Towards near real-time assessment of surgical skills: A comparison of feature extraction techniques.

Autor: Anh NX; Department of Mechanical and Aerospace Engineering, Monash University, Melbourne, Australia., Nataraja RM; Department of Surgical Simulation, Monash Children's Hospital, Melbourne, Australia., Chauhan S; Department of Mechanical and Aerospace Engineering, Monash University, Melbourne, Australia. Electronic address: Sunita.Chauhan@monash.edu.
Jazyk: angličtina
Zdroj: Computer methods and programs in biomedicine [Comput Methods Programs Biomed] 2020 Apr; Vol. 187, pp. 105234. Date of Electronic Publication: 2019 Nov 19.
DOI: 10.1016/j.cmpb.2019.105234
Abstrakt: Background and Objective: Surgical skill assessment aims to objectively evaluate and provide constructive feedback for trainee surgeons. Conventional methods require direct observation with assessment from surgical experts which are both unscalable and subjective. The recent involvement of surgical robotic systems in the operating room has facilitated the ability of automated evaluation of the expertise level of trainees for certain representative maneuvers by using machine learning for motion analysis. The features extraction technique plays a critical role in such an automated surgical skill assessment system.

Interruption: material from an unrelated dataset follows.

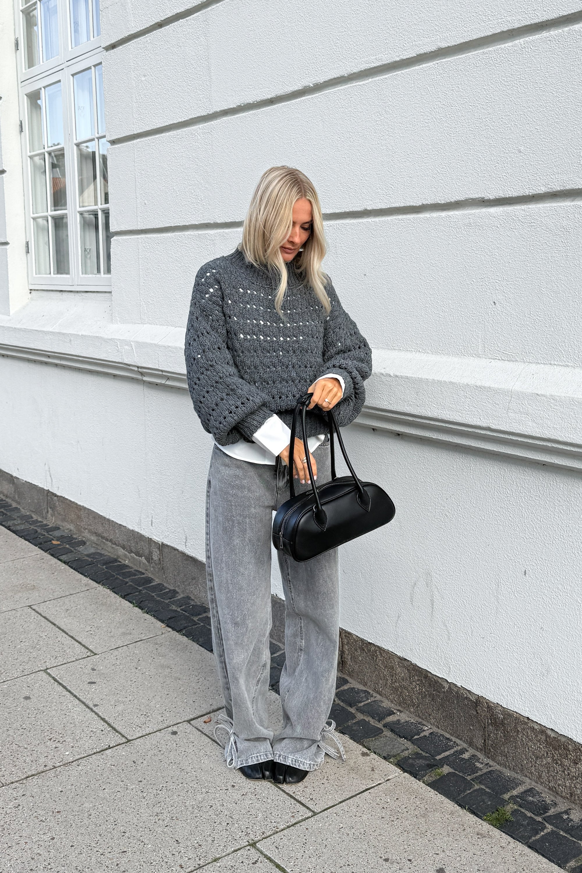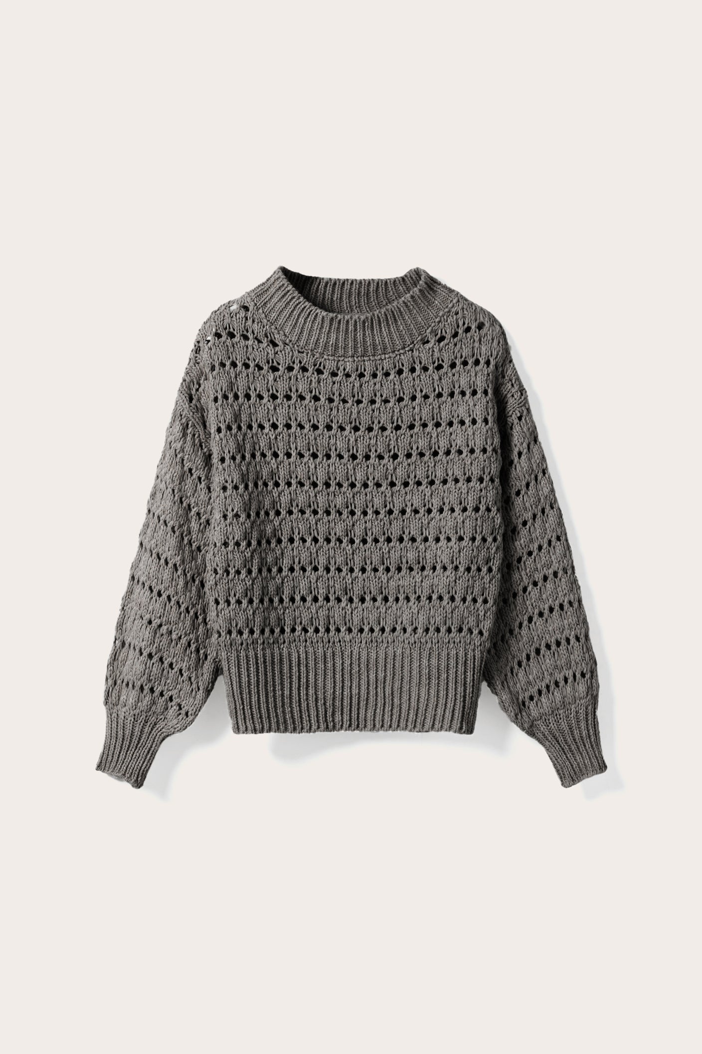Loranne Knit ist ein Strickpullover mit Lochmuster und Rippkanten. Er hat eine lockere Passform und lässt sich leicht für den Alltag stylen.

Methods: We present a direct comparison of nine well-known feature extraction techniques which are statistical features, principal component analysis, discrete Fourier/Cosine transform, codebook, deep learning models and auto-encoder for automated surgical skills evaluation. Towards near real-time evaluation, we also investigate the effect of time interval on the classification accuracy and efficiency.
Results: We validate the study on the benchmark robotic surgical training JIGSAWS dataset. An accuracy of 95.63, 90.17 and 90.26% by the Principal Component Analysis and 96.84, 92.75 and 95.36% by the deep Convolutional Neural Network for suturing, knot tying and needle passing, respectively, highlighted the effectiveness of these two techniques in extracting the most discriminative features among different surgical skill levels.
Conclusions: This study contributes toward the development of an online automated and efficient surgical skills assessment technique.
Competing Interests: Declaration of Competing Interest None.